Skip any pictures. Repeat the data exactly, from its first line through the line that holds "Spot con socket", both included.

▶ Input:
____
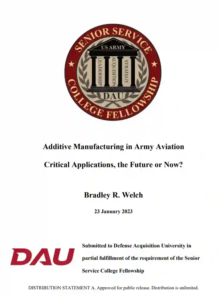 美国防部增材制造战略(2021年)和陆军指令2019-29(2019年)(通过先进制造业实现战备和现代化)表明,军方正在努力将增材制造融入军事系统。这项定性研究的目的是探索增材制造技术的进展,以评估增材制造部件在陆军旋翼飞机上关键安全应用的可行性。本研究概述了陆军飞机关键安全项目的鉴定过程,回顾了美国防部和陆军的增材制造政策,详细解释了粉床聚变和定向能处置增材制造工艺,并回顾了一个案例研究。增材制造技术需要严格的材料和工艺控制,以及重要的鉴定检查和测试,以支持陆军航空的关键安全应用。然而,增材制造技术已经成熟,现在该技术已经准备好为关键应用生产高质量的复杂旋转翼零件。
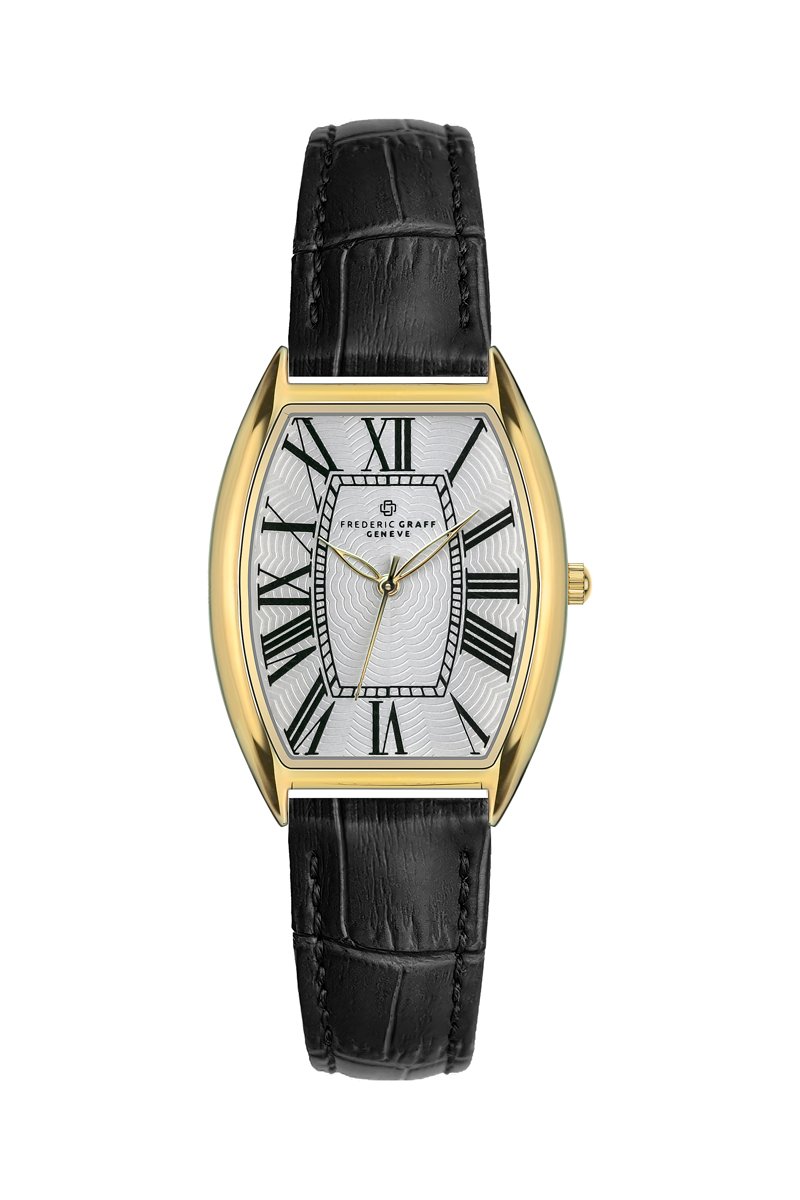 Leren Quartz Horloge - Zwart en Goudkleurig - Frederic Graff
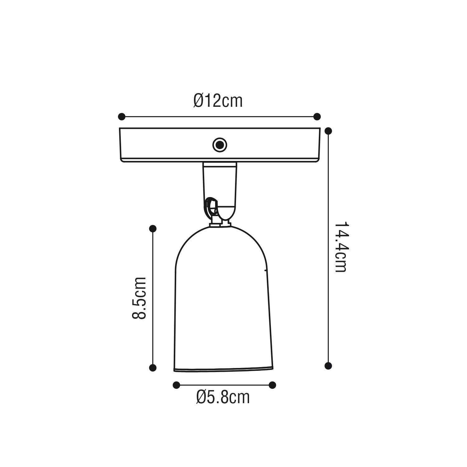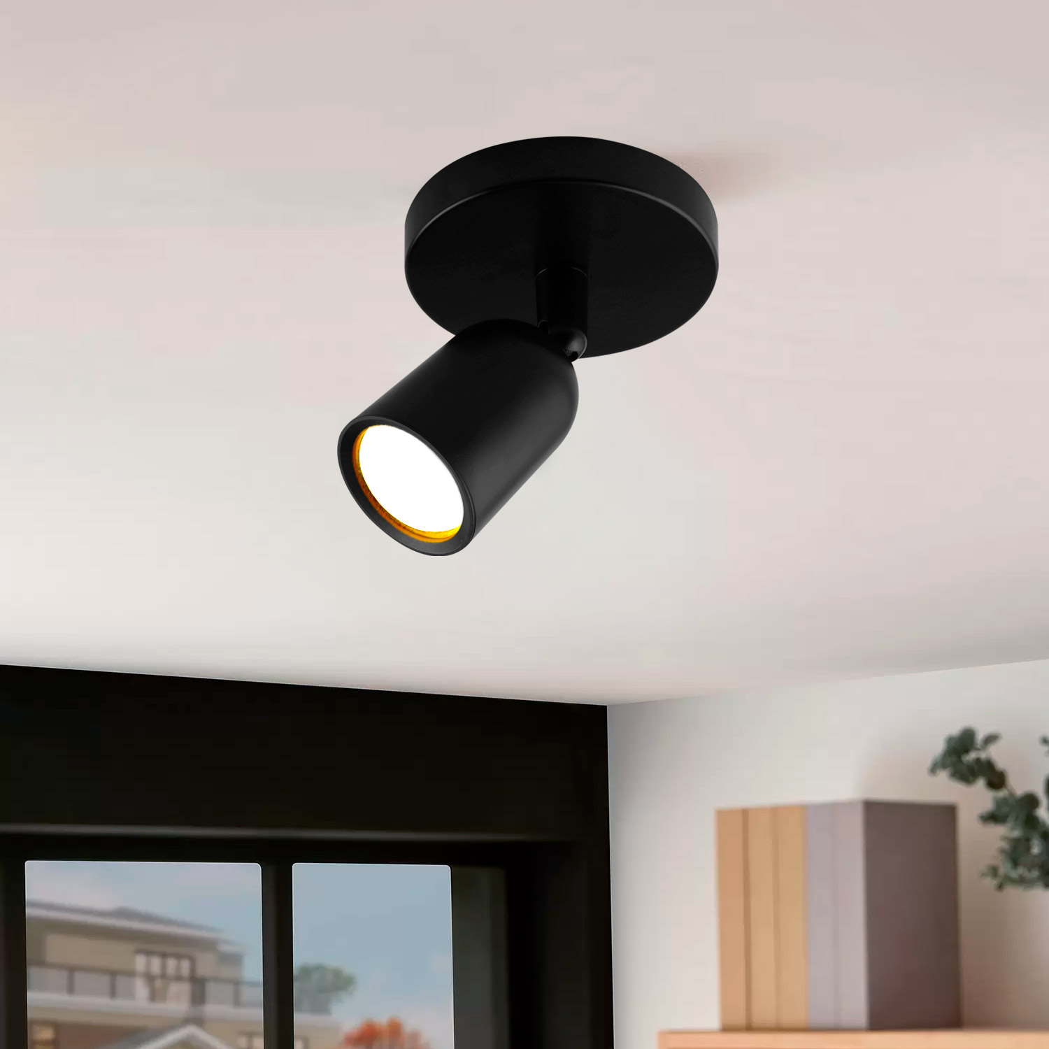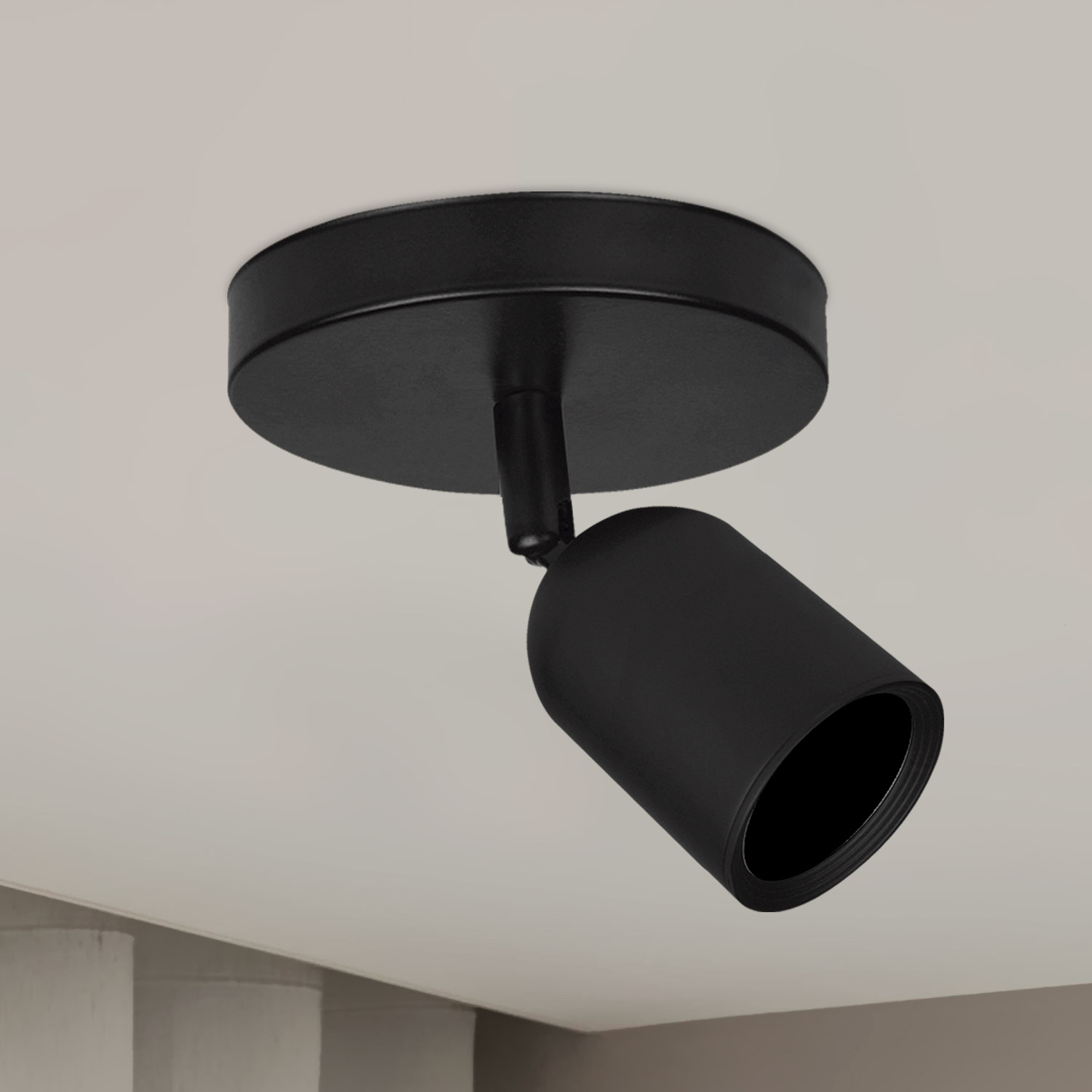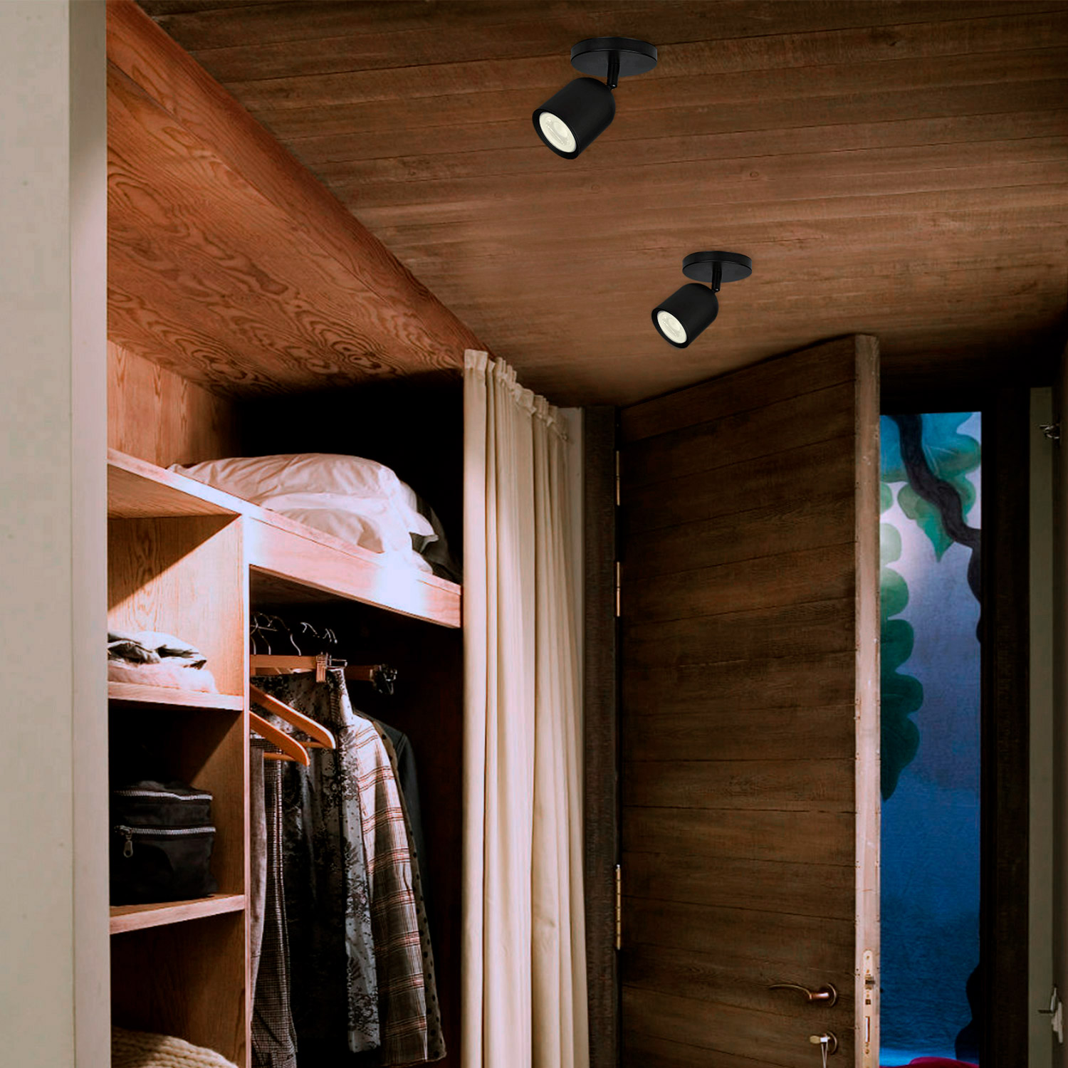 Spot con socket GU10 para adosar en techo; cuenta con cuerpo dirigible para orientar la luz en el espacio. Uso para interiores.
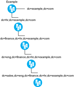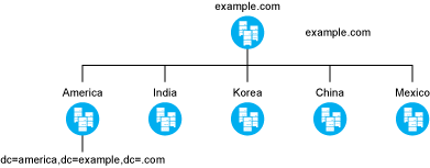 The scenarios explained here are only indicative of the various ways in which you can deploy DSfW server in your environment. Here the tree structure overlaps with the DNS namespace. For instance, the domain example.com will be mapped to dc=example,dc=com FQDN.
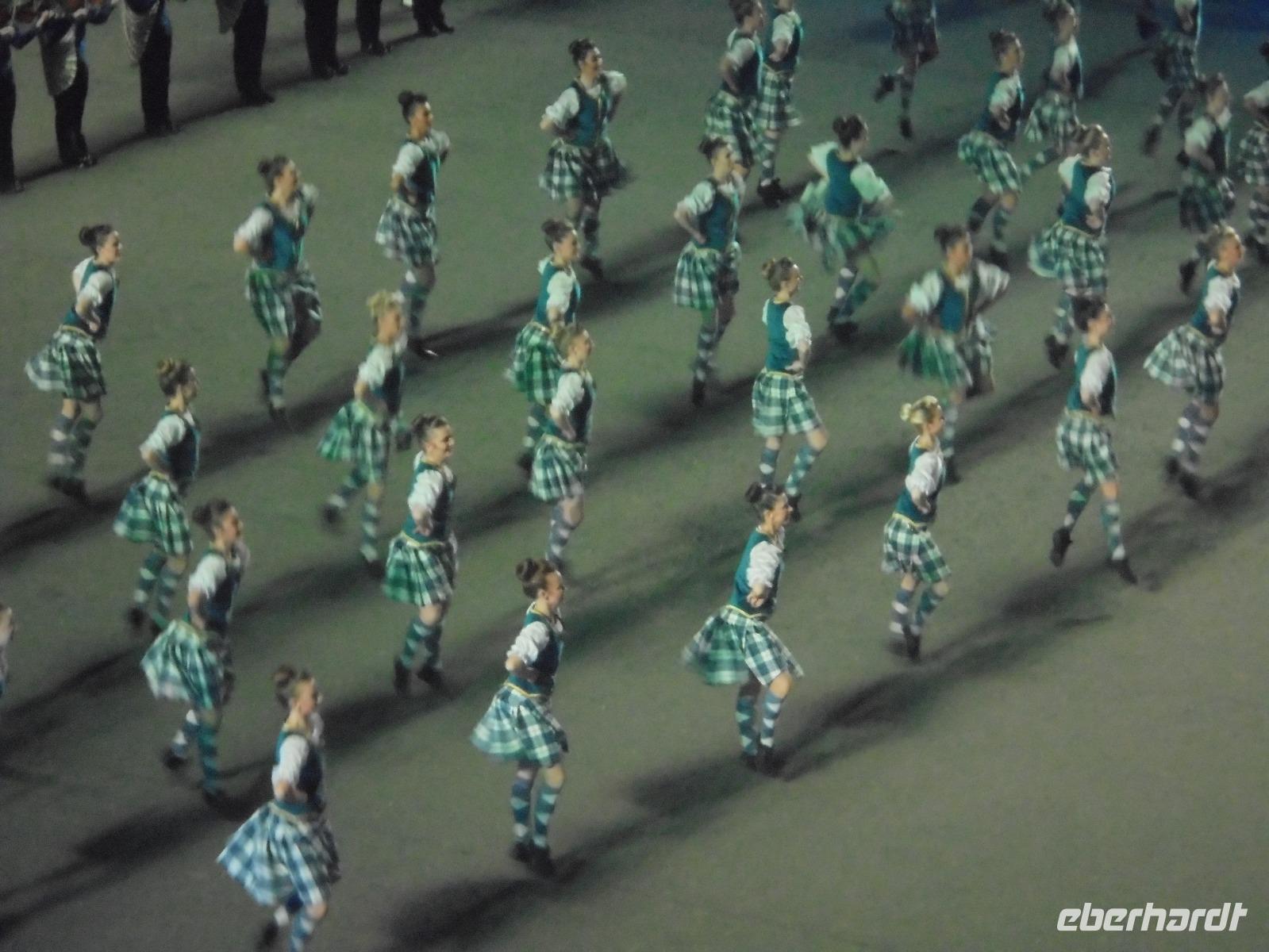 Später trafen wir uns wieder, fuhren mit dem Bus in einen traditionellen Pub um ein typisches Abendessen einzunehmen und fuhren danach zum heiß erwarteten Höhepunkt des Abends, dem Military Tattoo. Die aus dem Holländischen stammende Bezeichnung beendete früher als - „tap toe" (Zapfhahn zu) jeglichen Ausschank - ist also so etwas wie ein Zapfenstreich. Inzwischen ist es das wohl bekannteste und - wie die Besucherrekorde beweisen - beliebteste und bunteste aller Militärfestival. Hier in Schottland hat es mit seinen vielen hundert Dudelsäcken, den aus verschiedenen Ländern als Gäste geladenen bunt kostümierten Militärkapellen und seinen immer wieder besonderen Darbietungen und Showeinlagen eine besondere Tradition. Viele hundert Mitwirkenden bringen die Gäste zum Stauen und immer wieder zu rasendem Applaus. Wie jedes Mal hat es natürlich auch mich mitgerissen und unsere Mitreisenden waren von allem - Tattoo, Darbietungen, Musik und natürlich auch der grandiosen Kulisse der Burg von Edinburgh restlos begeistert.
____
▶ Written response:
 美国防部增材制造战略(2021年)和陆军指令2019-29(2019年)(通过先进制造业实现战备和现代化)表明,军方正在努力将增材制造融入军事系统。这项定性研究的目的是探索增材制造技术的进展,以评估增材制造部件在陆军旋翼飞机上关键安全应用的可行性。本研究概述了陆军飞机关键安全项目的鉴定过程,回顾了美国防部和陆军的增材制造政策,详细解释了粉床聚变和定向能处置增材制造工艺,并回顾了一个案例研究。增材制造技术需要严格的材料和工艺控制,以及重要的鉴定检查和测试,以支持陆军航空的关键安全应用。然而,增材制造技术已经成熟,现在该技术已经准备好为关键应用生产高质量的复杂旋转翼零件。
 Leren Quartz Horloge - Zwart en Goudkleurig - Frederic Graff
 Spot con socket GU10 para adosar en techo; cuenta con cuerpo dirigible para orientar la luz en el espacio. Uso para interiores.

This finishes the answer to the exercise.